Assignment 2
Inventory Management. Consider a variation of the inventory management problem considered in class. Suppose that the inventory \(S_t\) and the actions \(A_t\) takes values in the set \(\mathbb S = \{0, 1, \dots, L \}\), and the dynamics are given by \[ S_{t+1} = \bigl[ S_t + A_t - W_t \bigr]_0^L, \] where \([ s ]_{0}^L\) is a function which clips the values between \(0\) and \(L\), i.e., \[ [ s ]_0^L = \begin{cases} 0, & \text{if $s < 0$} \\ s, & \text{if $0 \le s \le L$} \\ L, & \text{if $s > L$}. \end{cases} \] The demand \(W_t\) takes values in the set \(\ALPHABET W = \{0, 1, 2\}\) with probability mass function \(P_W = [ 0.1, 0.7, 0.2 ]\).

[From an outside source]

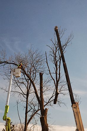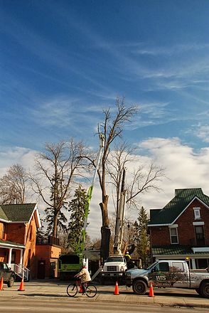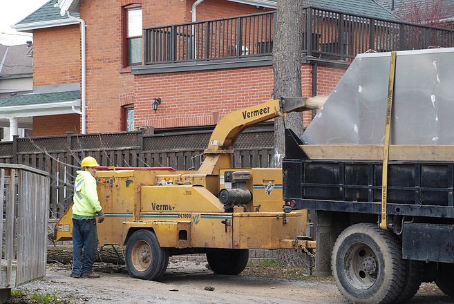 Edenbridge Drive in Vaughn, likely the hardest hit street during the 2013 Ice Storm. This morning (December 23, 2013) a loader cleared a path for WTS units to remove the remainder of damaged trees. The residents had been house-bound for around 70 hours. Needless to say, the residents were quite thankful and the crew got more coffee than they could stomach.

The per-step cost is given by \[ c_t(S_t, A_t, W_t) = (S_t + A_t - W_t)^2. \] Note that in this case, the inventoy cannot be negative but the per-step cost does take shortage into account.
Write the dynamic programming equation and numerically solve it for a horizon \(T = 10\) and inventory level \(L = 5\). Plot the value function and the optimal policy for \(t=1\) and \(t=2\).
Exercise 5.1 from notes on Finite horizon MDPs.
Exercise 5.2 from notes on Finite horizon MDPs.